- Brief:
Exclude the images, then return every line below exactly as written.

- Source material:
◇ ◇ ◇ ◇ ◇
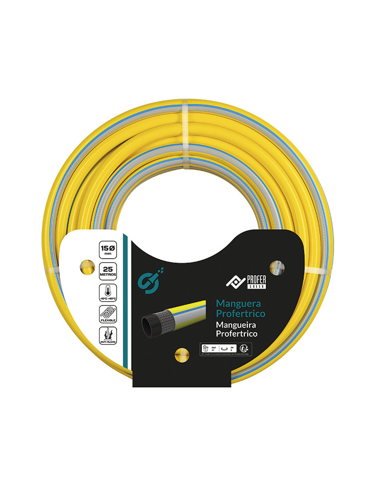 MANGUERA pvc PROFERTRICO Manguera antitorsión de 4 capas fabricada por extrusión de compuestos vinílicos y reforzada por una malla tricotada de poliéster. Antialgas. 25 m 15 mm
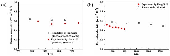 Thermal conductivity is an important index to characterize the heat transfer performance of molten salt materials. By comparing the existing experimental data, it is verified that SP2 can be used to predict the thermal conductivity of multicomponent chlorides molten salt. Figure 6 is the thermal conductivity simulated results of binary and ternary molten salts based on SP2 simulation. The simulated proportion of NaCl-CaCl2 (49.03–50.97 mol %) shown in Figure 6a is slightly different from that of the experiment [5], but all belong to the proportion of eutectic molten salt, and the deviation of thermal conductivity simulation is ~16.9%. Figure 6b shows that the simulated results of NaCl-CaCl2-MgCl2 (53.5–15–31.5 mol %) are also larger than the experimental values [9], but the trend with temperature is consistent. It can be seen from the simulated results that there is a negative correlation between thermal conductivity and temperature, indicating that the simulated thermal conductivity is reasonable.
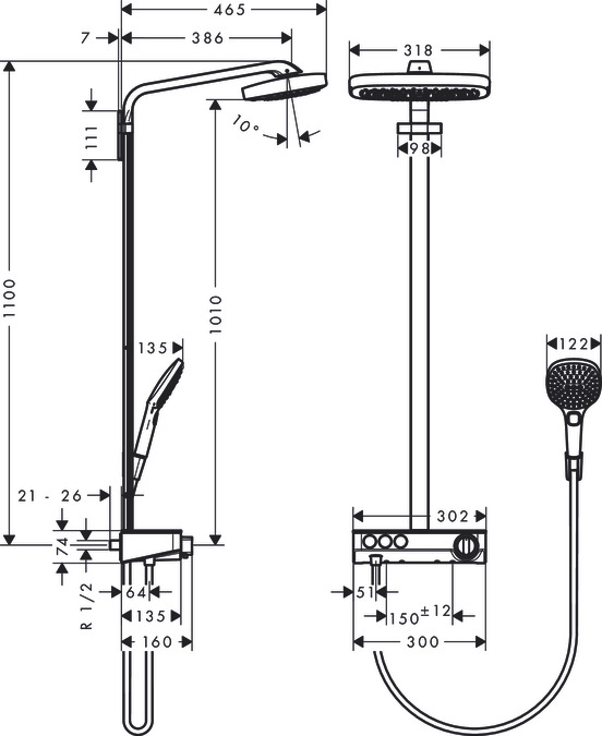 Система душевая Hansgrohe Raindance Select E 300 3jet хром (27127000)
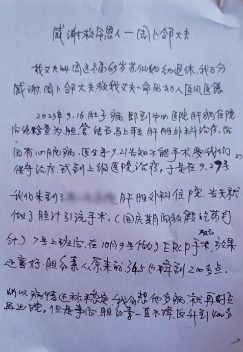 周遠(yuǎn)福的老伴卻沒有忘記。當(dāng)丈夫被送郴州市第一人民醫(yī)院中心醫(yī)院,因搶救及時(shí)脫離了生命危險(xiǎn)后,她手寫了一封感謝信送給周卜鄰:“沒有周大夫的熱心幫助,真不敢想象后果會(huì)怎么樣。因此我萬分感謝周大夫,深為郴州有位這么醫(yī)德高尚的醫(yī)生感到驕傲……”
◇ ◇ ◇ ◇ ◇
- Answer space:
 MANGUERA pvc PROFERTRICO Manguera antitorsión de 4 capas fabricada por extrusión de compuestos vinílicos y reforzada por una malla tricotada de poliéster. Antialgas. 25 m 15 mm
 Thermal conductivity is an important index to characterize the heat transfer performance of molten salt materials. By comparing the existing experimental data, it is verified that SP2 can be used to predict the thermal conductivity of multicomponent chlorides molten salt. Figure 6 is the thermal conductivity simulated results of binary and ternary molten salts based on SP2 simulation. The simulated proportion of NaCl-CaCl2 (49.03–50.97 mol %) shown in Figure 6a is slightly different from that of the experiment [5], but all belong to the proportion of eutectic molten salt, and the deviation of thermal conductivity simulation is ~16.9%. Figure 6b shows that the simulated results of NaCl-CaCl2-MgCl2 (53.5–15–31.5 mol %) are also larger than the experimental values [9], but the trend with temperature is consistent. It can be seen from the simulated results that there is a negative correlation between thermal conductivity and temperature, indicating that the simulated thermal conductivity is reasonable.
 Система душевая Hansgrohe Raindance Select E 300 3jet хром (27127000)
 周遠(yuǎn)福的老伴卻沒有忘記。當(dāng)丈夫被送郴州市第一人民醫(yī)院中心醫(yī)院,因搶救及時(shí)脫離了生命危險(xiǎn)后,她手寫了一封感謝信送給周卜鄰:“沒有周大夫的熱心幫助,真不敢想象后果會(huì)怎么樣。因此我萬分感謝周大夫,深為郴州有位這么醫(yī)德高尚的醫(yī)生感到驕傲……”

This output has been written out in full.